In an effort to keep up with Verizon Wireless (NYSE:VZ), AT&T (NYSE:T) explored potential deals in the past two months, even considering buying part of Telefonica SA (NYSE:TEF).
AT&T doesn’t see much room for expansion at home, and thus approached Spanish authorities to discuss buying a potential 29.9 percent stake in Telefonica. According to Bloomberg, the world’s second-largest mobile operator was denied, causing them to pursue deals in the United Kingdom and Latin America.
“Their ability to expand in the U.S. is pretty limited in terms of any significant acquisitions,” said David Heger, an analyst at Edward Jones & Co. “You can have an opportunity to buy into Europe while things are pretty beaten up. They’d be positioned for whenever the economy finally improves.”
AT&T’s Chief Executive Randall Stephenson believes Europe is ripe for the taking, should his company choose to go that route. They are still reportedly interested in buying stakes in Telefonica and Vodafone (NASDAQ:VOD).

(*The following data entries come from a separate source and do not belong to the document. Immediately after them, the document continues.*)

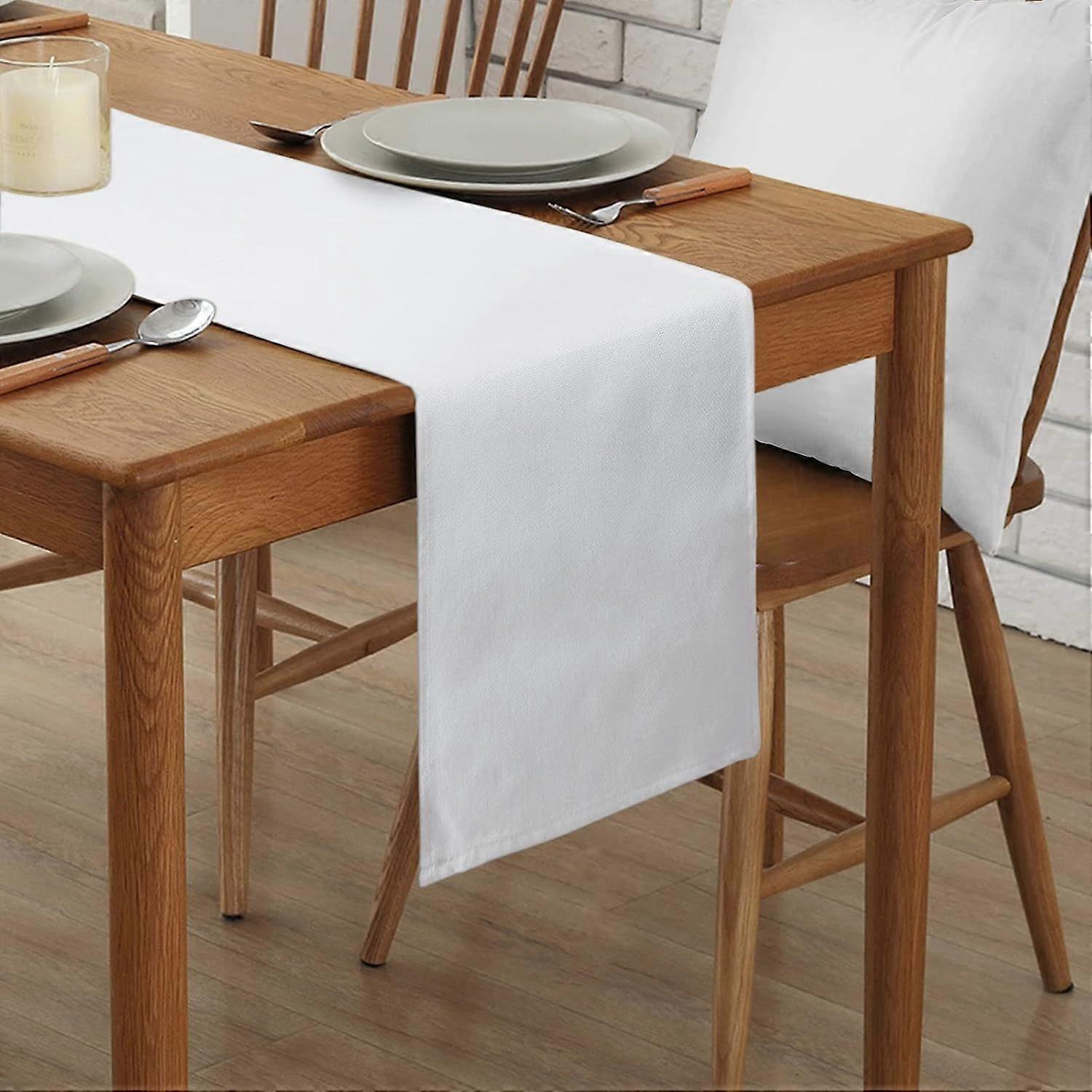 White Cotton Linen Rectangular Table Runner 13" x 48", Modern Simple White
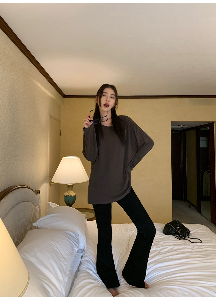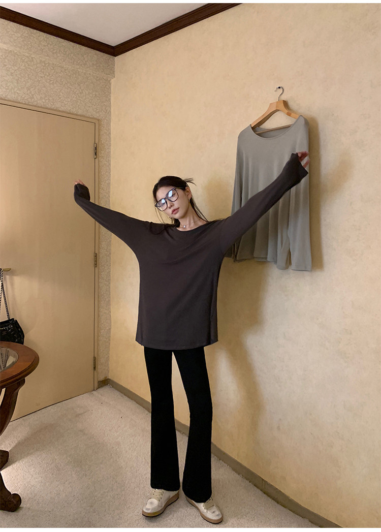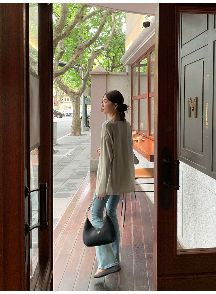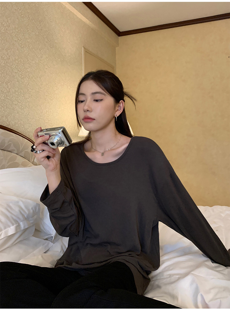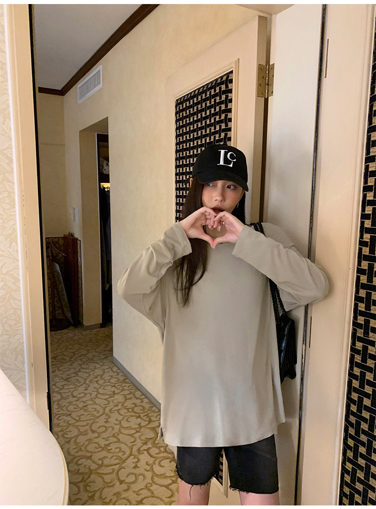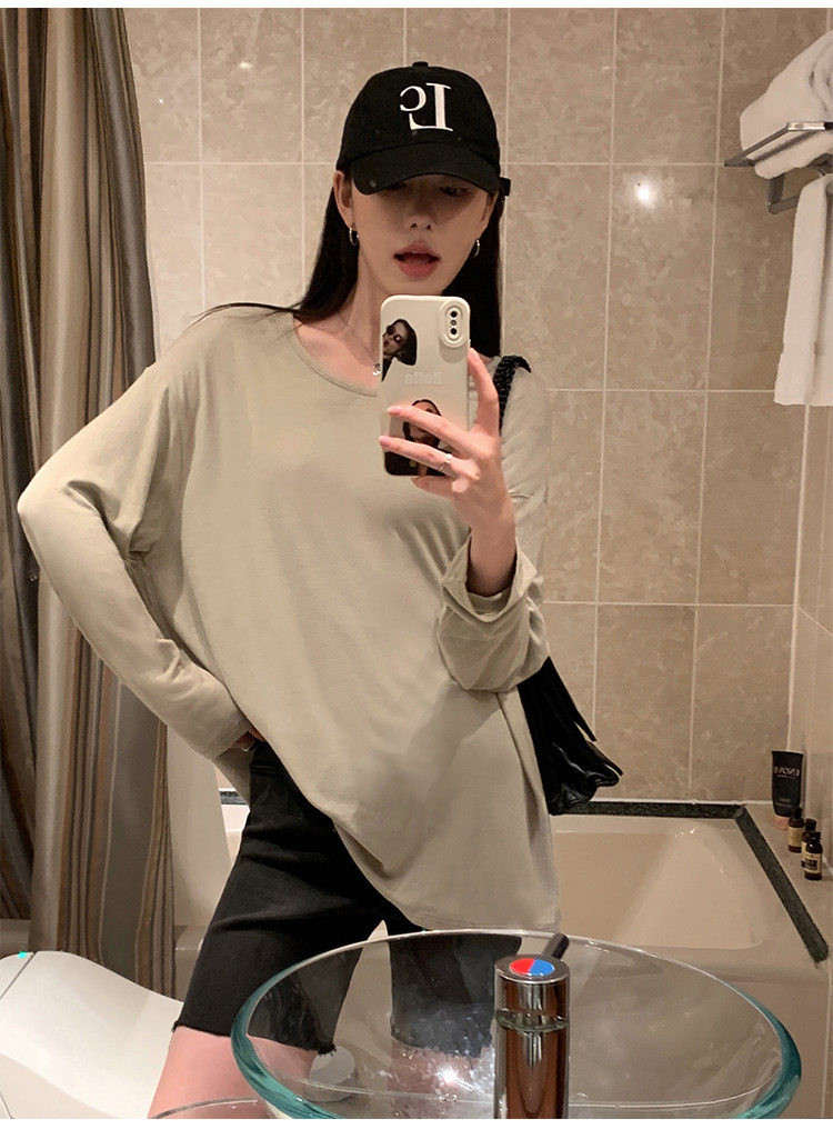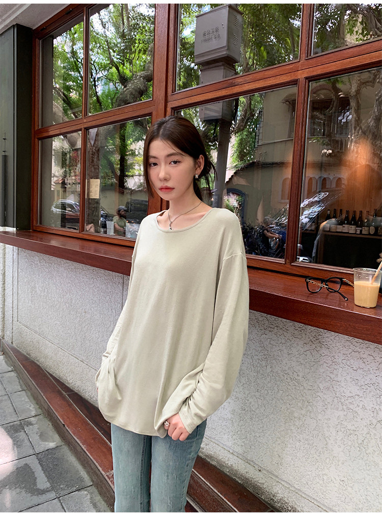 Осенний лонгслив с круглым воротником, трикотажный свитер для отдыха, свободный крой
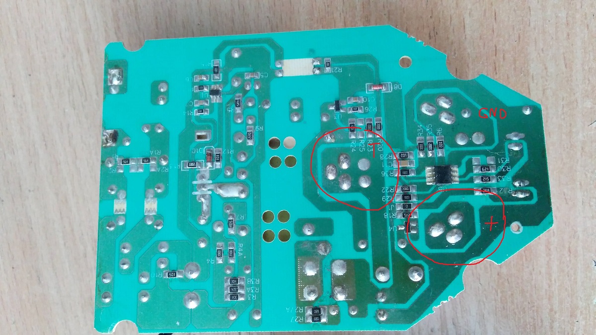 Всем привет. Принесли на ремонт ЗУ шуруповерта: пару минут заряжается (горит красный светодиод), а потом тухнет и крутит не долго. Когда разобрал ЗУ - очень удивился - минус на месте, а вот плюс не на + (этот товарищь вообще в воздухе висит), а на Т .
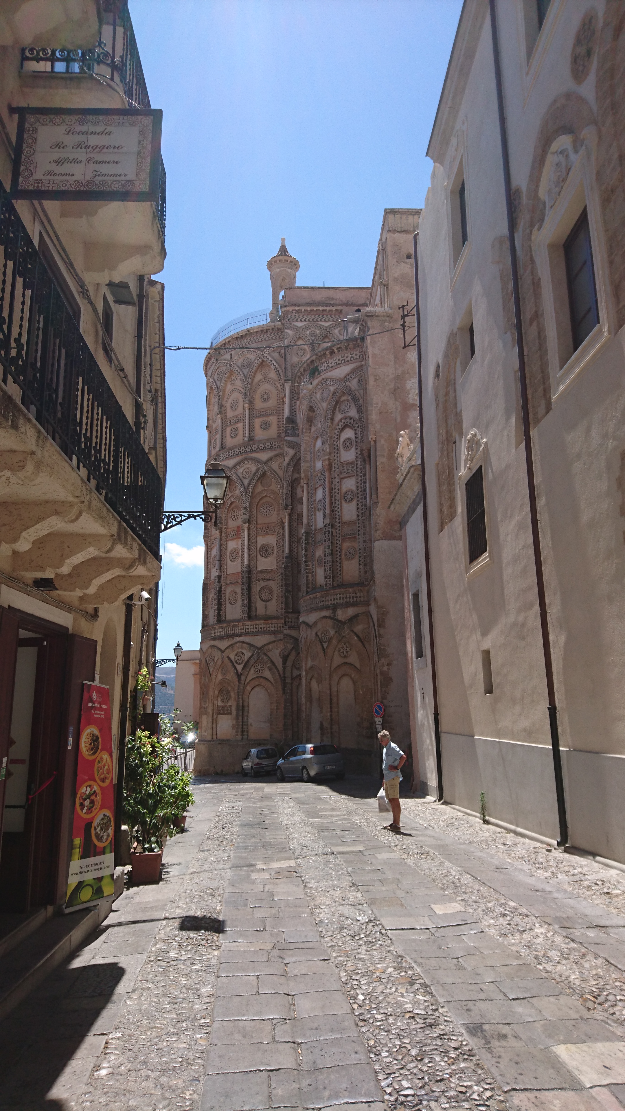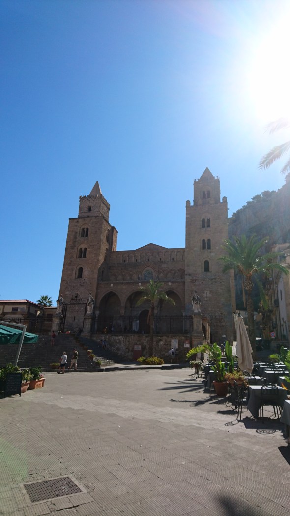 De volgende dag blijven we en we pakken de dinghy naar de wal om Cefalu te bekijken. Erg toeristisch en vol, maar we hebben wel heel lekkere bakker en slager gevonden! En een heerlijk ijsje (Marleen ijskoffie) genomen. Ook hier is weer een oude Normandische kathedraal met een Christus Pantocrator (de originele waarvan die in Palermo en Monreale kopieën zijn) en die bezoeken we ook. Driemaal is scheepsrecht.
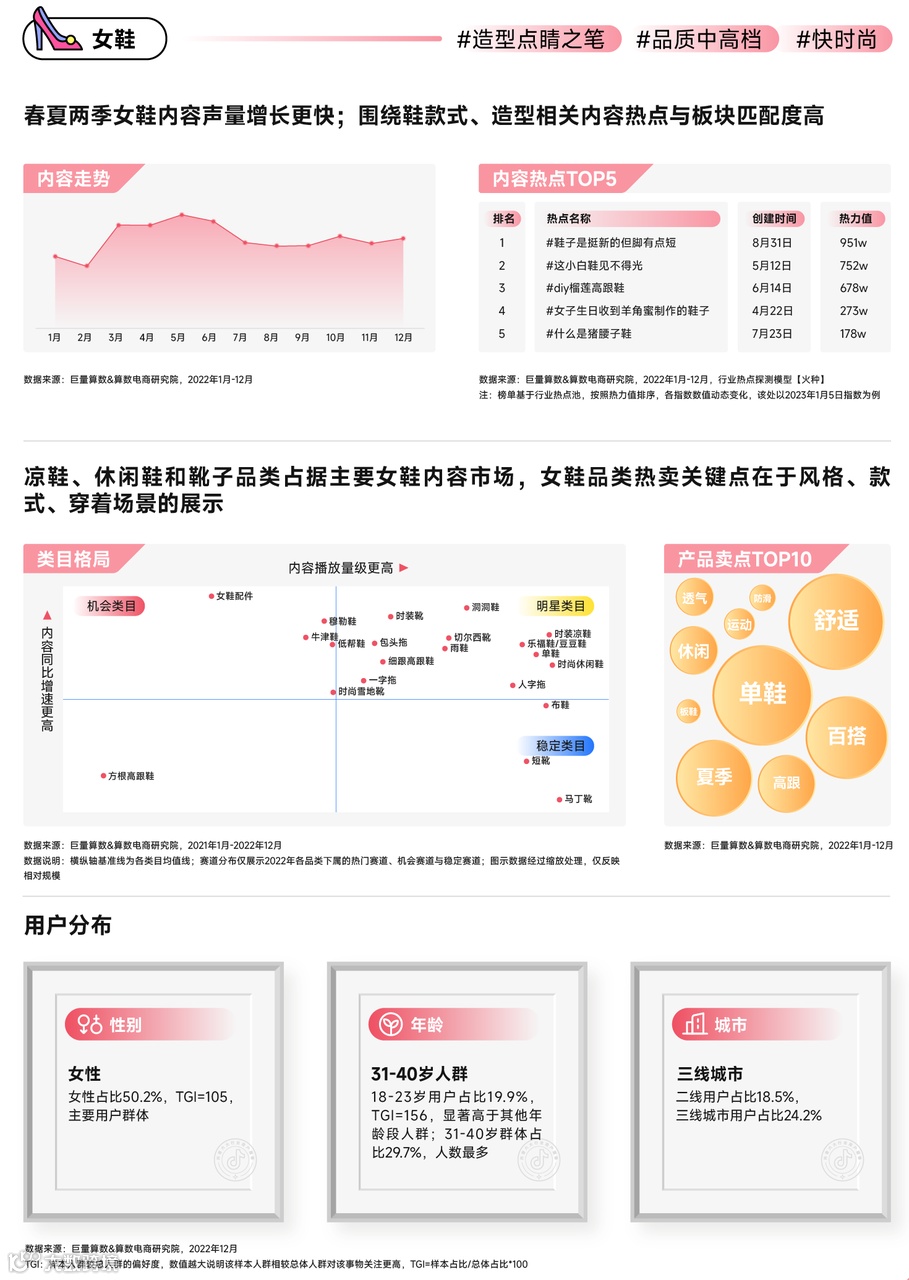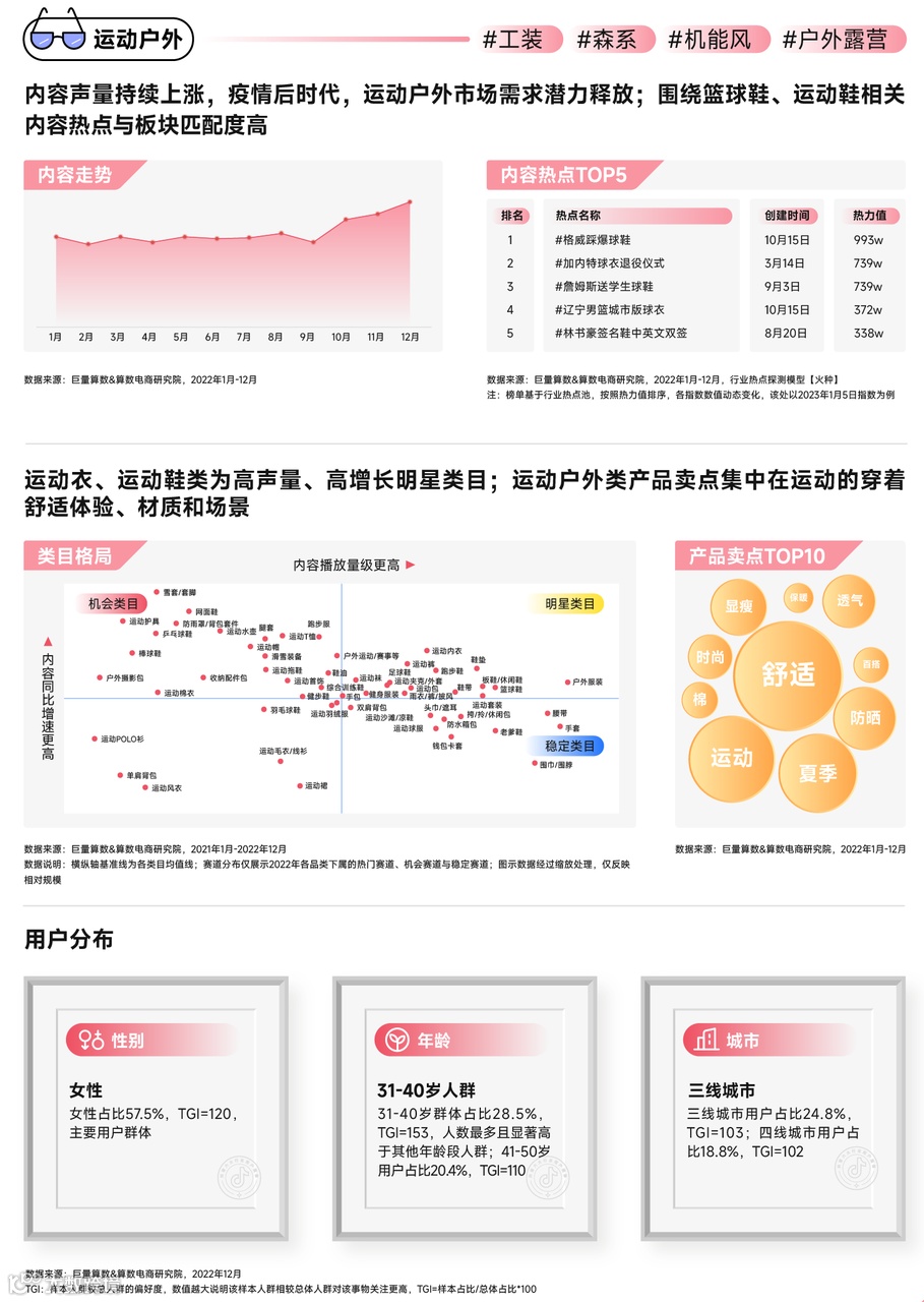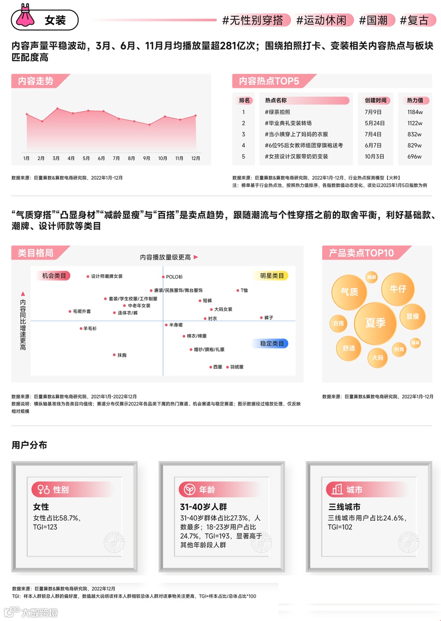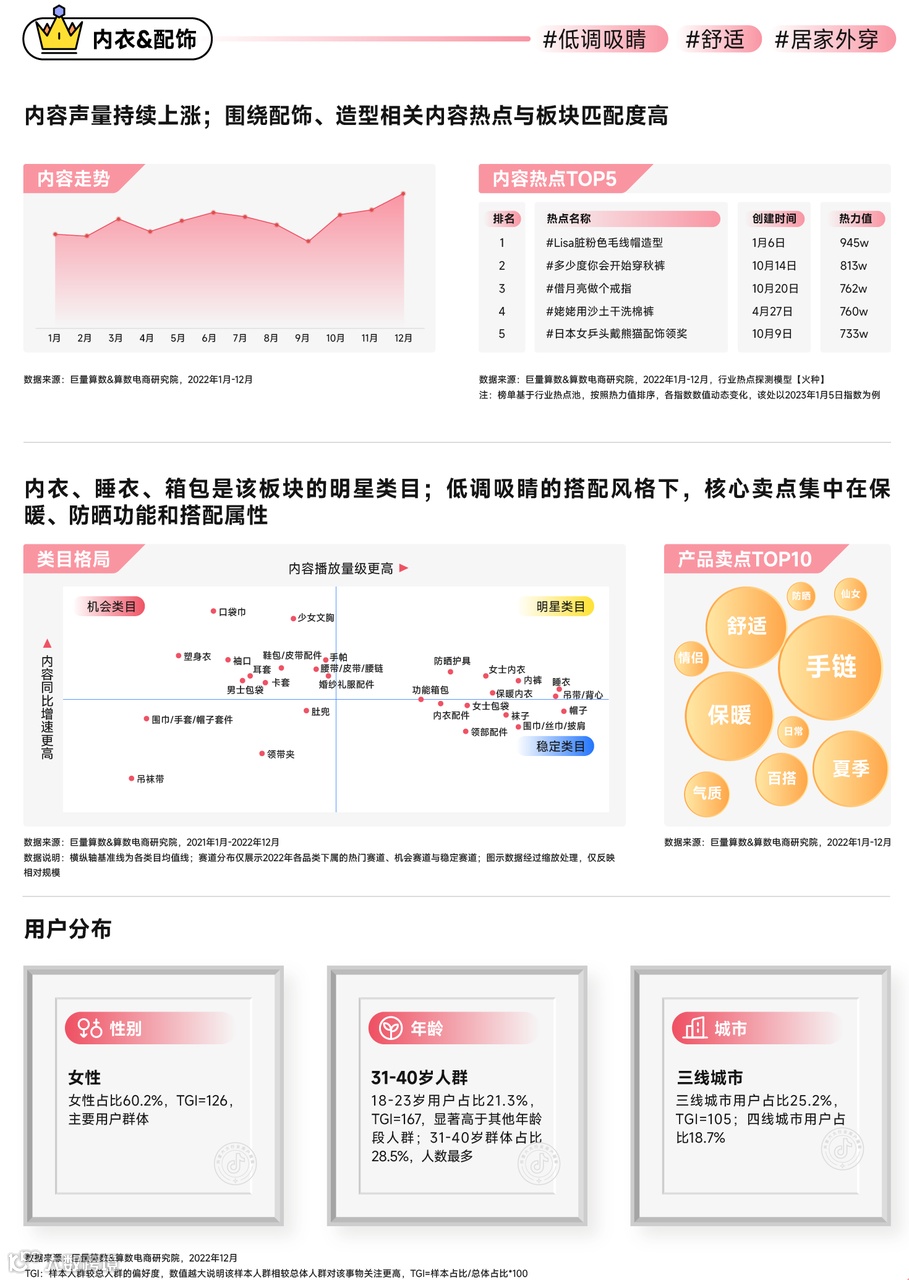2022年的抖音平台服饰板块出现了众多令行业欣喜的现象。众多服装品牌在抖音找到了发展机遇,在618、双十一等营销节点实现GMV和品牌声量的爆发;大量服饰板块产品在疫情后时代惊喜地找到了匹配的需求人群。从服饰行业品类来看,2022年,女装、女鞋、男装、男鞋、内衣&配饰和运动户外六大品类表现亮眼,以流行趋势为方向,各品类围绕「复古甜辣」、「精致奢华」、「运动休闲」、「中性利落」、「城市机能」等方向诞生出一件又一件的趋势商品和爆品。平台从用户内容兴趣出发,捕捉时尚内容热点,发布了春夏和秋冬两季趋势洞察,帮助品牌通过设计风格、用料设计、穿搭组合带来更符合消费者兴趣的时尚演绎。

Additionally they are looking at EE, a U.K. joint venture of France Telecom SA and Deutsche Telekom AG.
However, there still remains a lot of uncertainty in Europe’s financial stability, causing concerns over any purchases. Heger commented that Europe’s financial woes make it a “sinking ship. Overall, I’m more negative than positive,” he said.
Before AT&T moves forward on any deal with Telefonica, they will first want to consult with Carlos Slim, the Mexican telecommunications billionaire who competes with Telefonica through his wireless operator America Movil SAB (NYSE:AMX) and also has a strong relationship with AT&T.
“Regulators in Latin America might have some concerns if America Movil’s strategic partner was also buying a stake in Telefonica,” Walt Piecyk, an analyst at BTIG LLC, said.
And so, AT&T trudges on with their quest to purchase a stake in any company that will help them expand. What started with an attempted takeover of T-Mobile in 2011, a venture that would have formed the largest wireless company in the U.S., continues with smaller endeavors.